The description could still be improved, and I started commenting on how it could, but I realize this would warrant its own blog post.

mhh__ · on Oct 2, 2021

(Thank you valve!)

MayeulC · on Oct 2, 2021

Valve is contributing quite a bit, with their ACO compiler for instance, but the RADV driver did not in fact originate with them. We owe a great deal to David Airlie for that. He wrote a complete vulkan driver years before AMD released the source code for AMDVLK. Valve started contributing a few years in, IIRC.

To AMD's credit, they did help with documentation, questions, and much of the work was built on top of what was there for RadeonSI (OpenGL): shader compiler back-end, etc.

https://www.phoronix.com/scan.php?page=news_item&px=RADV-Rad... -> https://airlied.livejournal.com/81460.html

ww520 · on Oct 2, 2021

Parallelism with the computing units in GPU permeates the entire computing model. For the longest time I don't get how partial derivative instructions like dFdx/dFdy/ddx/ddy work. None of the doc helps. These instructions take in a number and return its partial derivative, just a generic number, nothing to do with graphic, geometry or function. The number could have been the dollar amount of a mortgage and its partial derivative is returned.

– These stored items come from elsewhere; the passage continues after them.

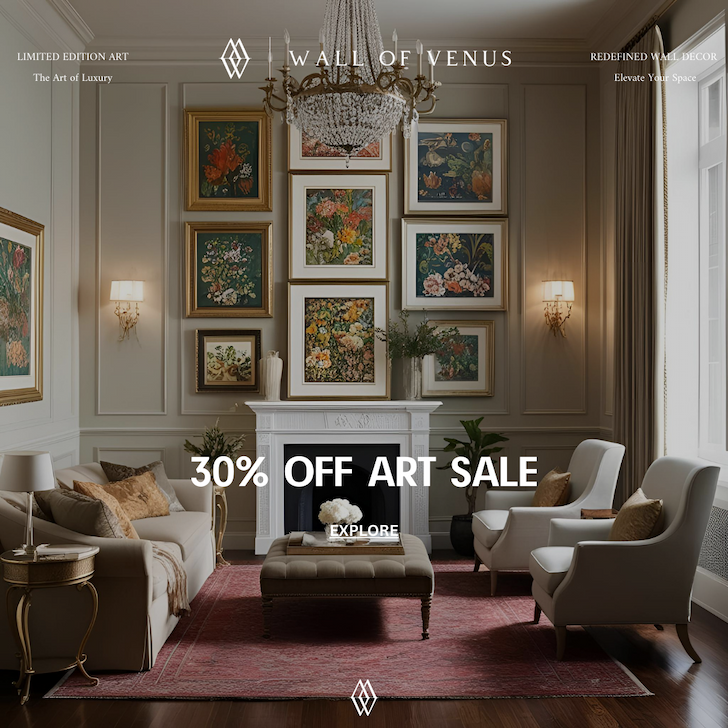MONDAY, MAY 26, 2025 | ISSUE 25.52 | | 30% OFF MEMORIAL DAY SALE This Memorial Day, bring meaning and beauty into your home with our 30% Off. Your walls deserve better and now is the perfect time to refresh your space. Each piece is limited and once gone, will never be available again! | | A Collector's Review "Great Product! Not only was I incredibly happy with the piece of art, but the customer service was top notch! There was a slight imperfection with the matting and a new piece arrived quickly. So easy to exchange!" - Erin | | What Are WE LISTENING TO? Gallery Playlist This is what we have playing at the gallery. Go ahead and take a listen. | | | | Elevate Your Space, Elevate Your Life Art breathes meaning and life into our spaces, it's a reflection of who we are, a daily source of inspiration. It captures the beauty of the world and reminds us of the stories worth telling. | | Wall of Venus. 869 East 2500 South, #314 Salt Lake City, UT, 84107 | | | | |
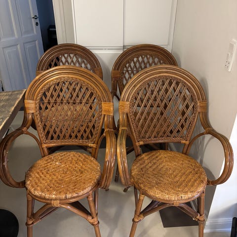 patineret spisebordsstole i bambus/flet. Rigtig lækre spisebordsstole med armlæn og god rygstøtte hvor man bare sidder så godt en hel aften! De er i god stand men trænger dog til en omgang spraymaling.
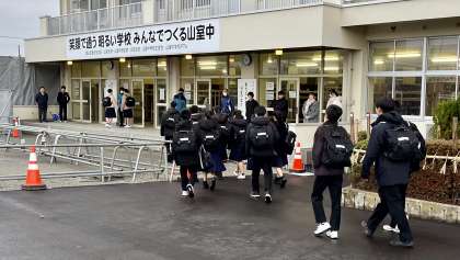 生徒が元気に登校してきました。
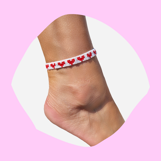 Χειροποίητο Βραχιόλι Ποδιού Λευκό με Κόκκινες Καρδούλες από Χάντρες και Κούμπωμα Μακραμέ
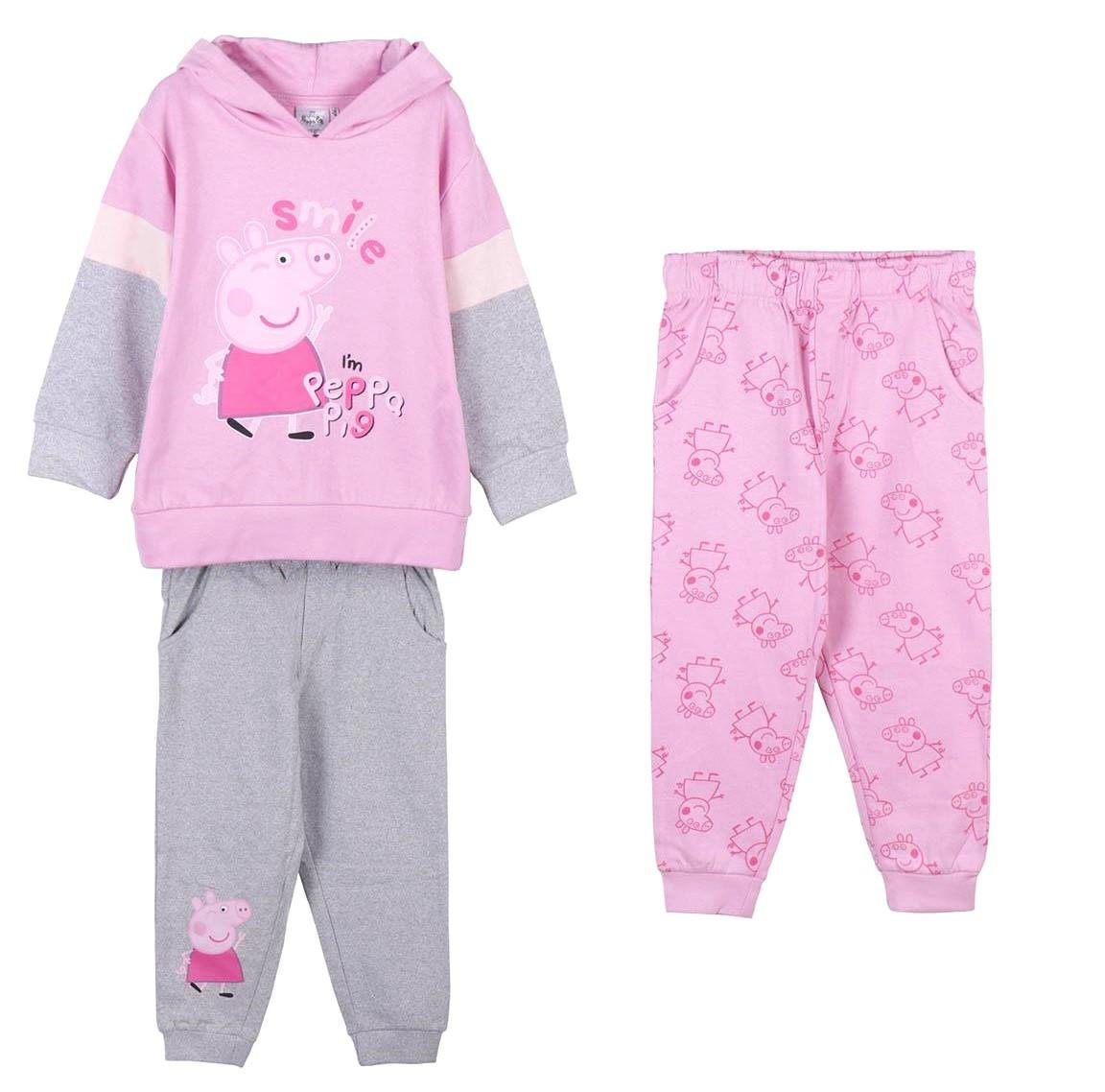 3 - dílná souprava, 2 tepláky - jedny šedé a jedny růžové a 1 mikina.
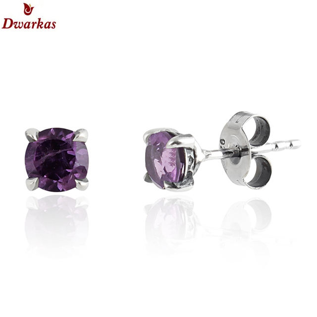 Trending jewelry earrings 925 sterling silver purple amethyst gemstone stud earrings for women
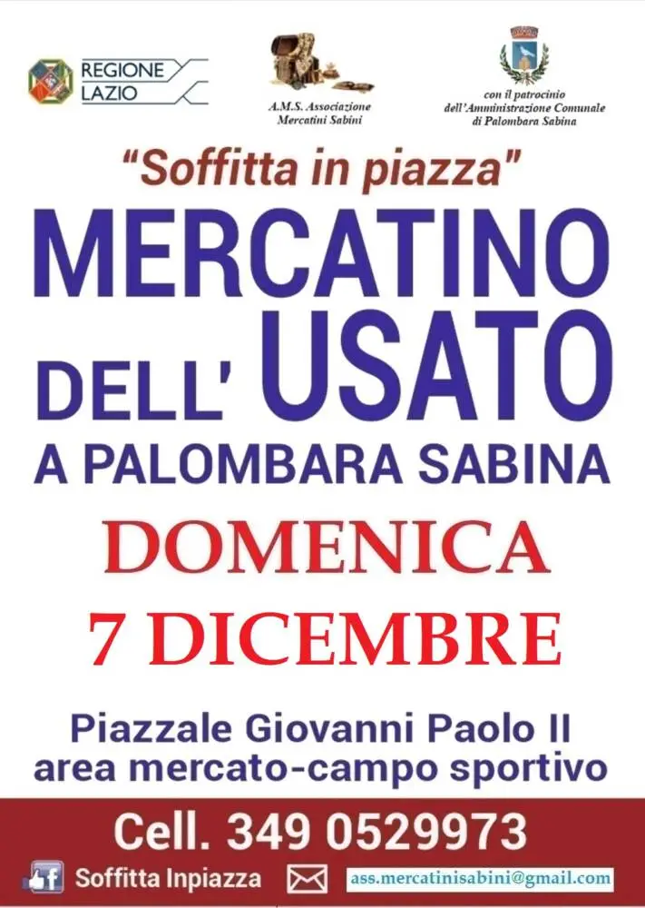 Palombara Sabina, Domenica 7 Dicembre (dalle 8:00 alle 15:00) presso l’area mercato (P.le Giovanni Paolo II°) per chi usa il navigatore mettere Viale Tivoli, c’è il mercatino “Soffitta in Piazza” evento organizzato per favorire disoccupati, precari del lavoro, pensionati a basso reddito e privati cittadini che vogliono reagire con dignità al momento di crisi attuale privandosi di oggetti, vestiti ecc. che non usano più partecipando in questo simpatico contesto sociale.
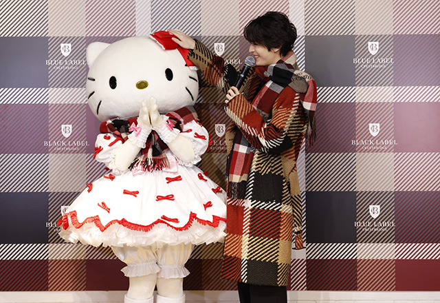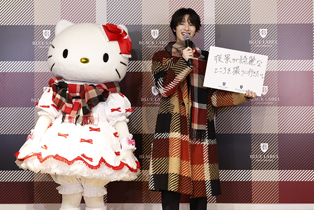 「冬の表参道でイルミネーションを見ながら」と細かいシチュエーションを話すと、「マフラーを巻く」シーンを実際にキティちゃんが実演。
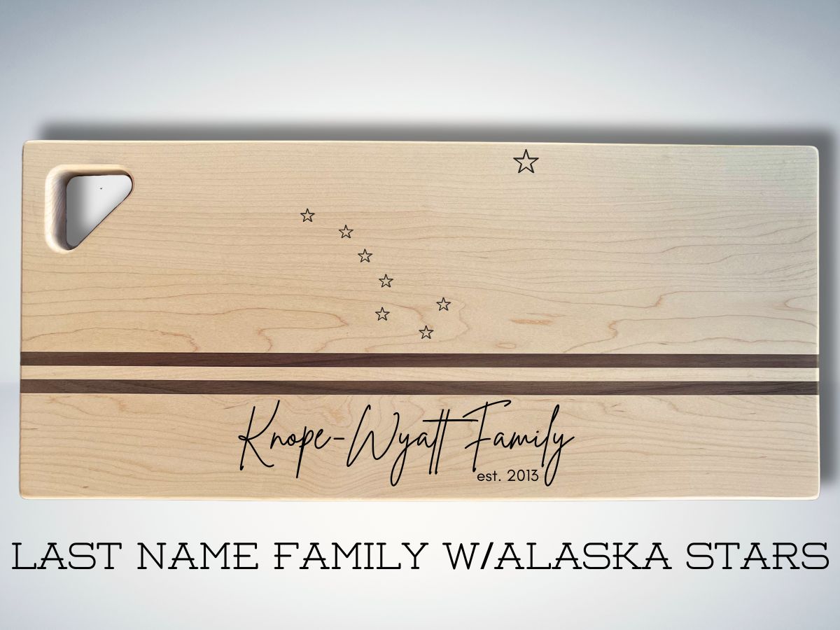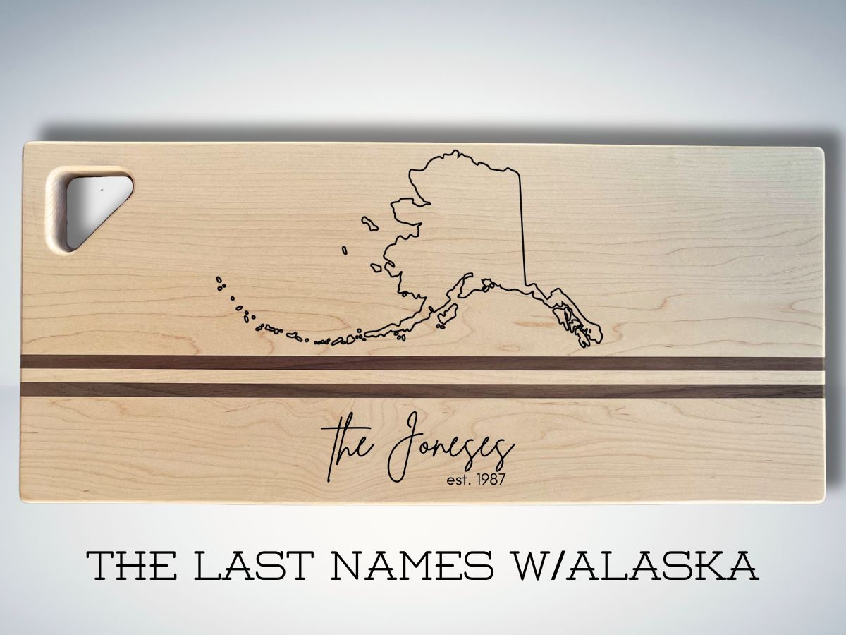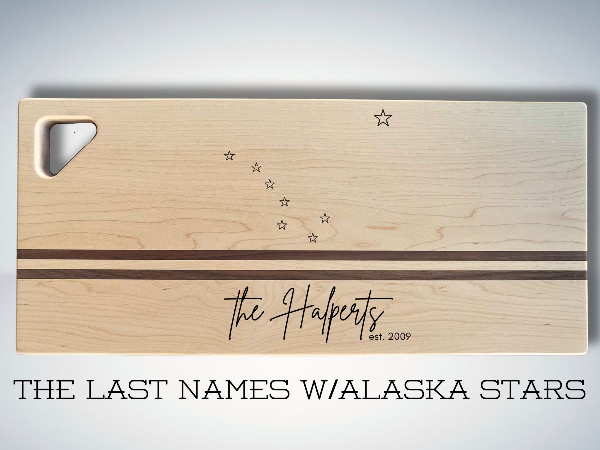 Our handmade Alaskan charcuterie & serving boards make the perfect addition to your next gathering! Each board is crafted start to finish in our home - attention to detail shines through in each step of the process, from the hand-routed edges to the multiple applications of food-grade finish.
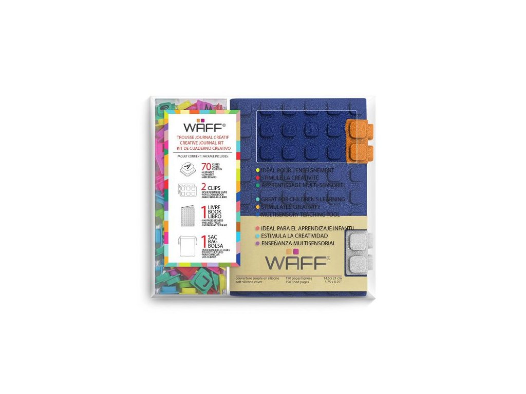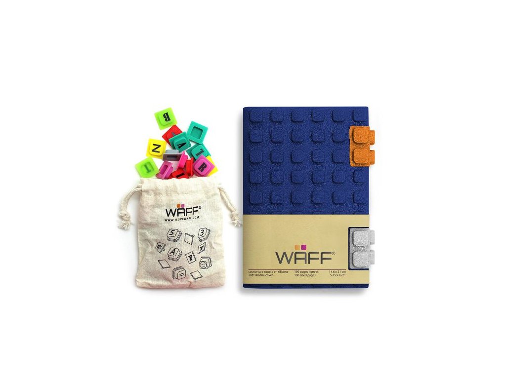 Deník WAFF je zápisník s vtipným originálním obalem. Gumové čtverečky na obalu si děti vyzdobí písmenky, ozdobami a emotikony. Na obalu si tak mohou vytvořit nápisy, jména, své pocity a vše, co je zrovna napadne.
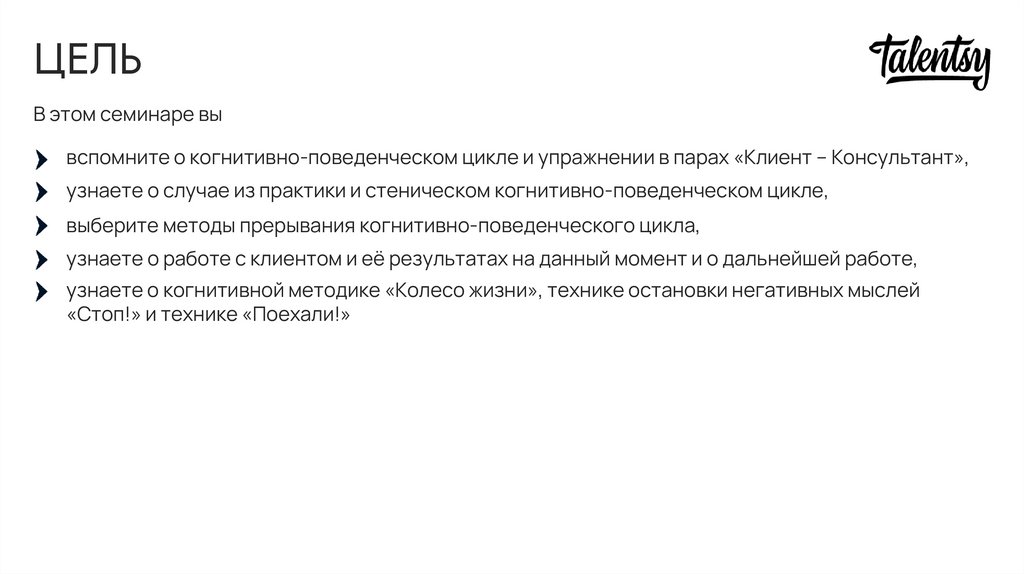 В этом семинаре вывспомните о когнитивно-поведенческом цикле и упражнении в парах «Клиент – Консультант»,
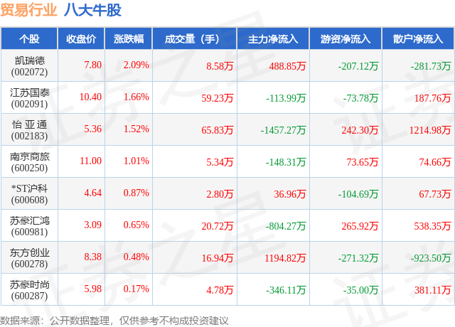 个股表现方面,贸易行业当日领涨股为凯瑞德(002072),该股当日报收7.8,上涨2.09%,成交量8.58万,主力资金净流入488.85万元。江苏国泰(002091)以上涨1.66%紧随其后,该股当日成交量59.23万,主力资金净流出113.99万元。除此之外,怡 亚 通(002183)、南京商旅(600250)、*ST沪科(600608)均进入当日牛股之列。具体个股列表见下表:

It turns out these functions tied to how the GPU architecture runs the computing units in parallel. The computing units are arranged to run in parallel in a geometric grid according to the input data model. The computing units run the same program in LOCK STEP in parallel (well at least in lock step upon arriving at the dFdx/dFdy instructions). They also know their neighbors in the grid. When a computing unit encounters a dFdx instruction, it reaches across and grabs its neighbors' input value to their dFdx instructions. All the neighbors arrive at dFdx at the same time with their input value ready. With the neighbors' numbers and its own number as the mid point, it can compute the partial derivative using gradient slope.

bla3 · on Oct 2, 2021

That sounds like a useful mental model. But it can't be quite right, can it? There aren't enough cores to do _all_ pixels in parallel, so how is that handled? Does it render tiles and compute all edges several times for this?

modeless · on Oct 3, 2021

Pixels are grouped into independent 2x2 blocks called quads and the derivatives are calculated only with respect to the other pixels in the quad.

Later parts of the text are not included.